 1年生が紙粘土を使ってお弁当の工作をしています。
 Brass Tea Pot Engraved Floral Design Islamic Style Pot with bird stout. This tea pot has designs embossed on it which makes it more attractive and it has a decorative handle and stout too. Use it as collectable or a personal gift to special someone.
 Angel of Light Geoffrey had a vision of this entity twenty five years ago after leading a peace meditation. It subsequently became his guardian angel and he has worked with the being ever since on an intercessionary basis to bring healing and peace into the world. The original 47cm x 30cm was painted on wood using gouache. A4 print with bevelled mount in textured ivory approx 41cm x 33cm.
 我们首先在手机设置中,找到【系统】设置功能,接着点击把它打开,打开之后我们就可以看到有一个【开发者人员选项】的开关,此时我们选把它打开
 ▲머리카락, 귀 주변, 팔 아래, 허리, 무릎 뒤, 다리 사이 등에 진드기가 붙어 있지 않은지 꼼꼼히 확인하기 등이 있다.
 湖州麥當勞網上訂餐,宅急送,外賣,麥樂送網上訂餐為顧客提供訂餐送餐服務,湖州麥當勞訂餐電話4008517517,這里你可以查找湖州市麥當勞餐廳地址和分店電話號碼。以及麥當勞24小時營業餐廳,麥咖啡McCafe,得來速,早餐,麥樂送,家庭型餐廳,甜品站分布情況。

§

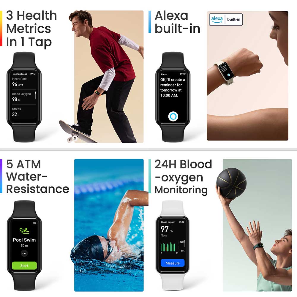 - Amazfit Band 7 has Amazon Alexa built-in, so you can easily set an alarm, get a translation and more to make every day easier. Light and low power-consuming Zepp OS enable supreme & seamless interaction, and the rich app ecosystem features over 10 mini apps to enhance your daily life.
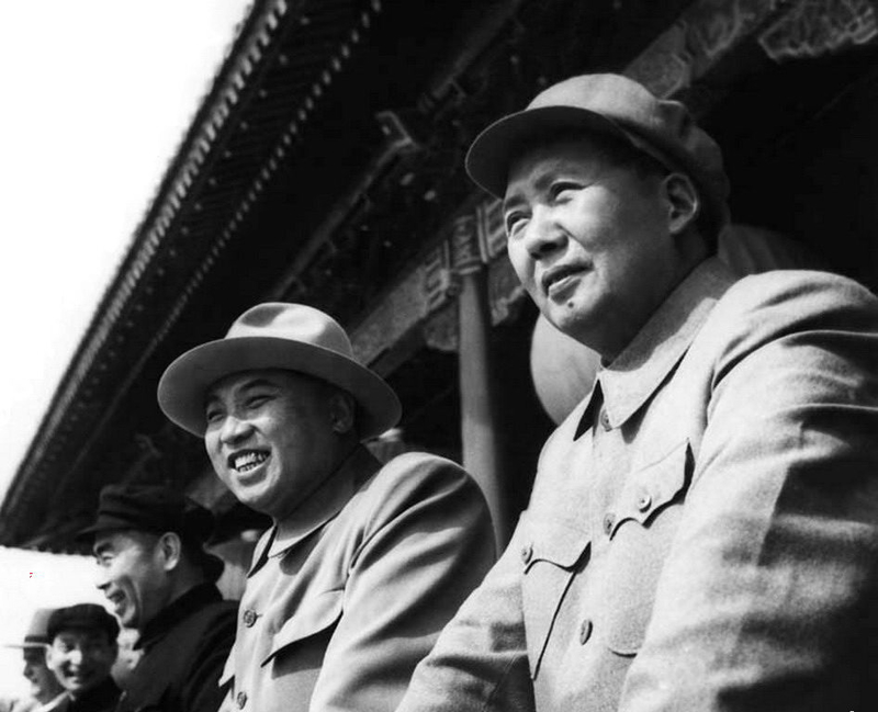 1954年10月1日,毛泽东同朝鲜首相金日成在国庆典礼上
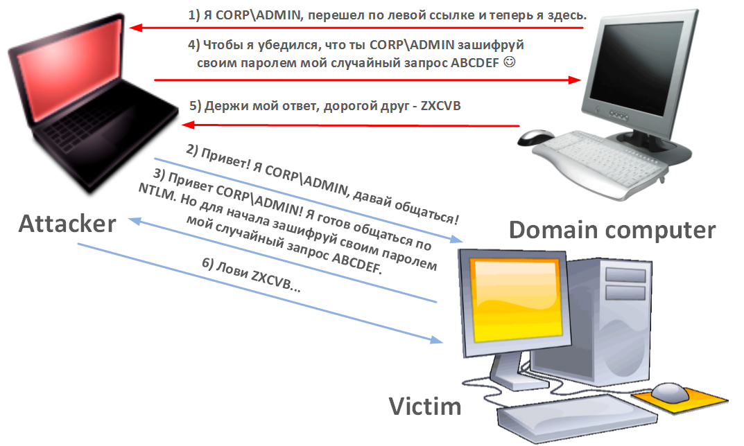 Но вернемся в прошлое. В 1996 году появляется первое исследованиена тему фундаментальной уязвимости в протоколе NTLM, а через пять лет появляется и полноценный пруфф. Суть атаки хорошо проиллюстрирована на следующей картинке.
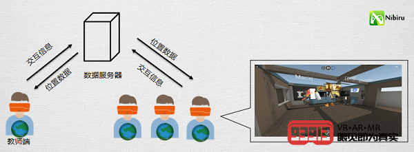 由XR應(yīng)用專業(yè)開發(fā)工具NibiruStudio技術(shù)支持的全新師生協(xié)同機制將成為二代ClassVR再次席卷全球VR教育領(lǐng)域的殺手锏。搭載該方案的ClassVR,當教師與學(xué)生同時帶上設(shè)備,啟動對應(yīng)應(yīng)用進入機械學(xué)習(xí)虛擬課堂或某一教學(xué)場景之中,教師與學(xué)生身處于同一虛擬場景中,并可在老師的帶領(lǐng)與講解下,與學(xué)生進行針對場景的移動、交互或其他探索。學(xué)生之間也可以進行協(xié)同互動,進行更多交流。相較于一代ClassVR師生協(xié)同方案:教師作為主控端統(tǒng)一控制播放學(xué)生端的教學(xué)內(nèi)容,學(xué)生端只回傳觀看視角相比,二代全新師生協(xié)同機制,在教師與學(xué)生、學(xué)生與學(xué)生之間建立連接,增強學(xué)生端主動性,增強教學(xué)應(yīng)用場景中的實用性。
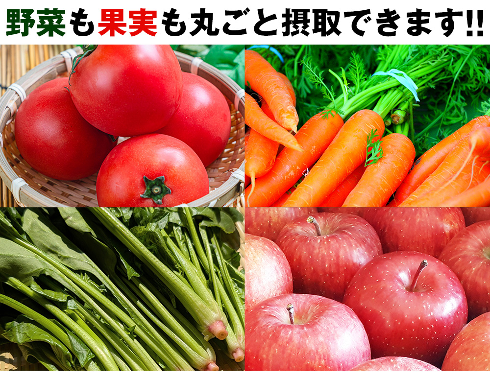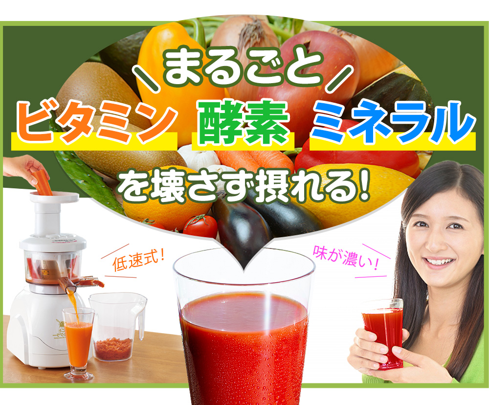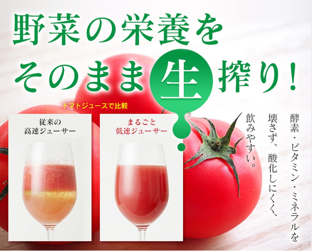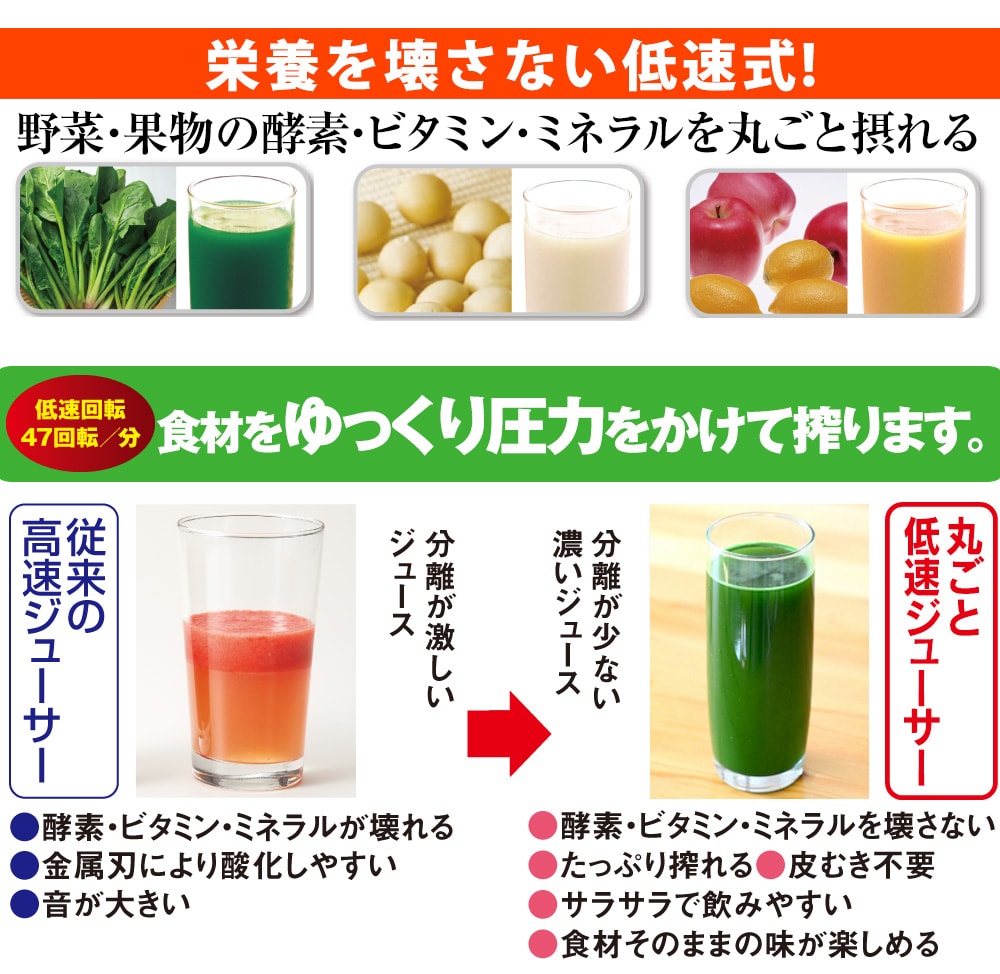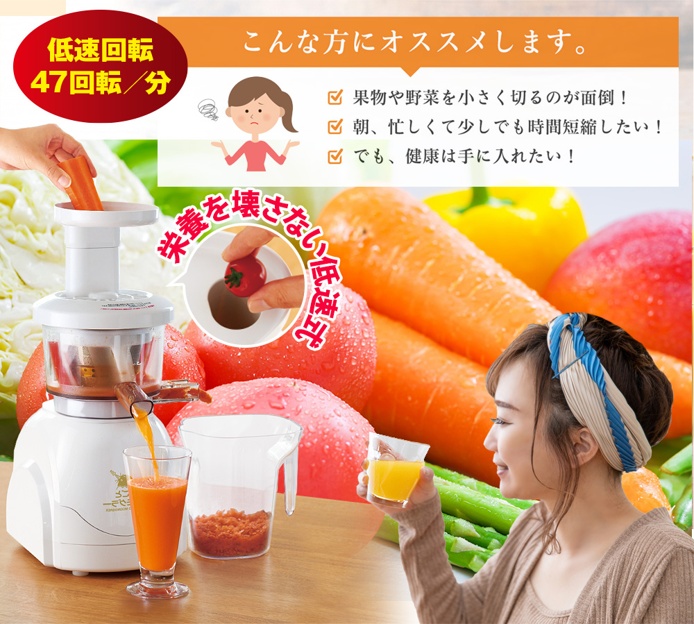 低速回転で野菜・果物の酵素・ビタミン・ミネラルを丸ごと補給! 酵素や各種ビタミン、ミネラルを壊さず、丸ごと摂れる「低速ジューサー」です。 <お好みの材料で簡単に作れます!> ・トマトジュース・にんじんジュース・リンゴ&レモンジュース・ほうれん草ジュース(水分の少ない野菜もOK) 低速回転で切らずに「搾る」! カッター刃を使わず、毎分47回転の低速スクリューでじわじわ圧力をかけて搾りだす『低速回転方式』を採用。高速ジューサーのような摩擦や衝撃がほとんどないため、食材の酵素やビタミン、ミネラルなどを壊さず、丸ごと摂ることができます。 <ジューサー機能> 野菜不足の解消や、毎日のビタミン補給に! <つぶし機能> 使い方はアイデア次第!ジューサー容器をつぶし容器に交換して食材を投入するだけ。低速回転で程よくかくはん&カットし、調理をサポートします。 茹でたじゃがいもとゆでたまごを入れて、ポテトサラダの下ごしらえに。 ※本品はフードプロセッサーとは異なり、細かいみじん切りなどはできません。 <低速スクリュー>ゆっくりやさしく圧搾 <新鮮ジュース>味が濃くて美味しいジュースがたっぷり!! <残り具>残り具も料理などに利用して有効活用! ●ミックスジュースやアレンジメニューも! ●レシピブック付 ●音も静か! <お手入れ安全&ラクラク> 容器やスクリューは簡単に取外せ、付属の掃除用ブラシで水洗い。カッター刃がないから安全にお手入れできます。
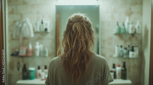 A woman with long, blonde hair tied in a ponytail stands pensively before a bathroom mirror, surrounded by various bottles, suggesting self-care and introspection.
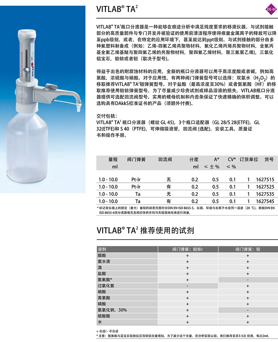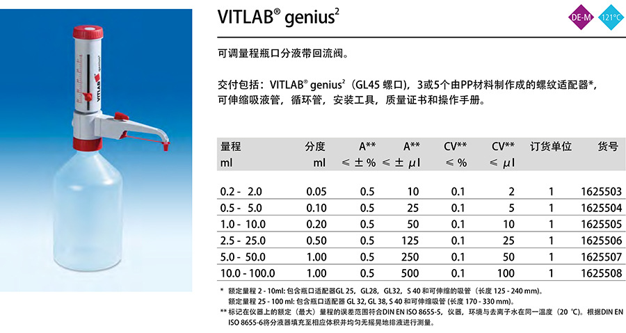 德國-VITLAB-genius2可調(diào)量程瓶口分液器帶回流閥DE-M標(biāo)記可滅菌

§

» **Exercise instructions**:
Which lines above run from the one containing "1年生が紙粘土を使ってお弁当の工作をしています。" to the one containing "Brass Tea Pot"? Give them again exactly, both ends included.

» **Solution to the exercise**:
 1年生が紙粘土を使ってお弁当の工作をしています。
 Brass Tea Pot Engraved Floral Design Islamic Style Pot with bird stout. This tea pot has designs embossed on it which makes it more attractive and it has a decorative handle and stout too. Use it as collectable or a personal gift to special someone.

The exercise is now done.